Task details: In the material below, find the line with "72616673 alte Postkarte" and the line with "モンスターハンターワイルズの【男性の体型を全裸ヌード】に変更するエロMOD。". Output exactly those two lines and all lines between them, leaving out pictures.

Dataset records:
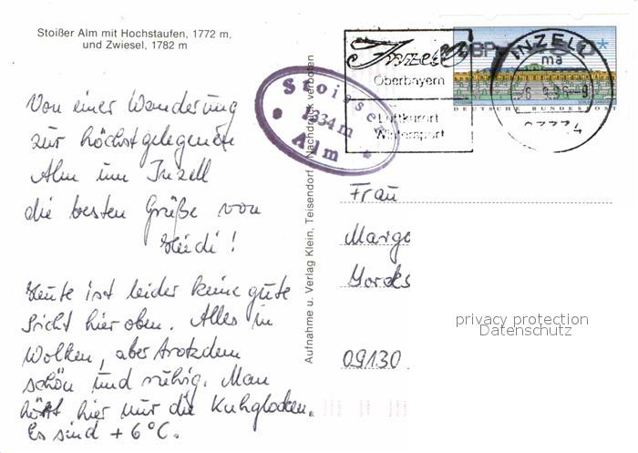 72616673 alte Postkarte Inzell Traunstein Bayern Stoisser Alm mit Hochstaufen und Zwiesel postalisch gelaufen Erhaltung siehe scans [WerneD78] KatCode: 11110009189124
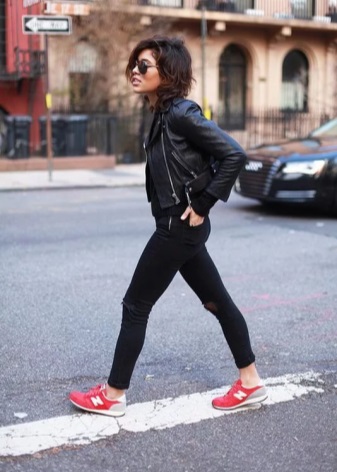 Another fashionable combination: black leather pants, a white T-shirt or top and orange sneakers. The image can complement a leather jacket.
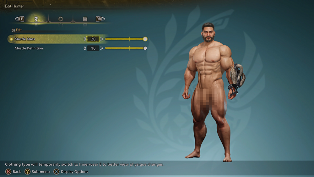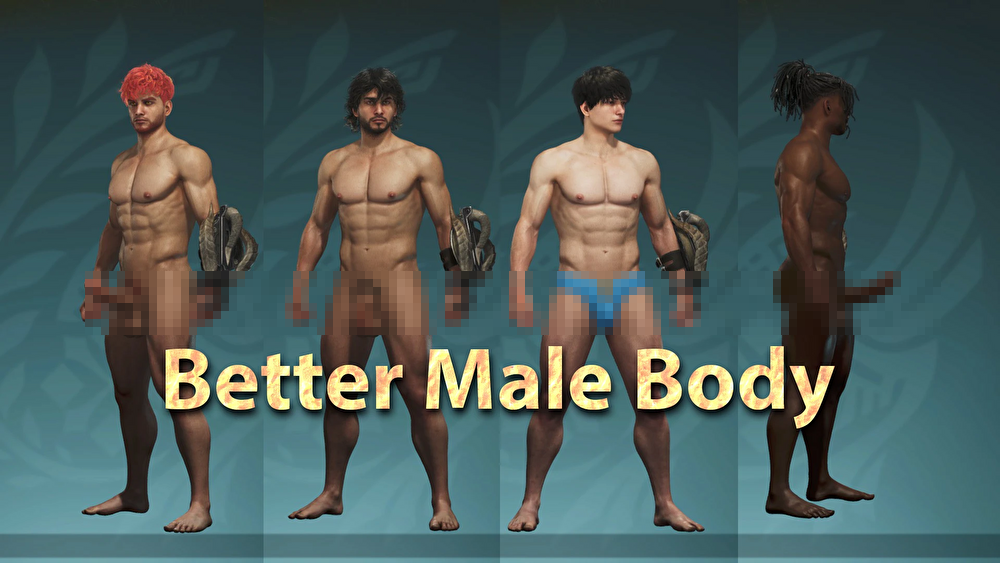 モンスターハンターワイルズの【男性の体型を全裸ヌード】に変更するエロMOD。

...

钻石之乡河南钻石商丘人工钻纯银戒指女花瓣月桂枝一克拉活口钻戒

==

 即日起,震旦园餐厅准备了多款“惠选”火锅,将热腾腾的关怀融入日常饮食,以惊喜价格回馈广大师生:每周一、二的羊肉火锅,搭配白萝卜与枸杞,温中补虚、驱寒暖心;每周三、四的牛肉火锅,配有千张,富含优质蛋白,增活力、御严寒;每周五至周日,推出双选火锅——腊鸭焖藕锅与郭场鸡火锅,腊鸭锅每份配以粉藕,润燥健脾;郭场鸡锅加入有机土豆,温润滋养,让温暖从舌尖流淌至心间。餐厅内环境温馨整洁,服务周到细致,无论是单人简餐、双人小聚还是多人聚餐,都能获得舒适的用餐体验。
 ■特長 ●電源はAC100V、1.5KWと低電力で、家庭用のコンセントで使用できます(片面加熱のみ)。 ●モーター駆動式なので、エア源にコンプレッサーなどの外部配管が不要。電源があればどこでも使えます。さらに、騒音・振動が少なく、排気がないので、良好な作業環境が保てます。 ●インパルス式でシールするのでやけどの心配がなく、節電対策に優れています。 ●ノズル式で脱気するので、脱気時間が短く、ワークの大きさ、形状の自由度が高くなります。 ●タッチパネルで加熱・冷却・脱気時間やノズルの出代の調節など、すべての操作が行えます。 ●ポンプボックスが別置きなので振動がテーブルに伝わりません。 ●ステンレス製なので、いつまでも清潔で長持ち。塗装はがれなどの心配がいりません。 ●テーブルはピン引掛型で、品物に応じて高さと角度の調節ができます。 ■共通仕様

Expected answer:
 72616673 alte Postkarte Inzell Traunstein Bayern Stoisser Alm mit Hochstaufen und Zwiesel postalisch gelaufen Erhaltung siehe scans [WerneD78] KatCode: 11110009189124
 Another fashionable combination: black leather pants, a white T-shirt or top and orange sneakers. The image can complement a leather jacket.
 モンスターハンターワイルズの【男性の体型を全裸ヌード】に変更するエロMOD。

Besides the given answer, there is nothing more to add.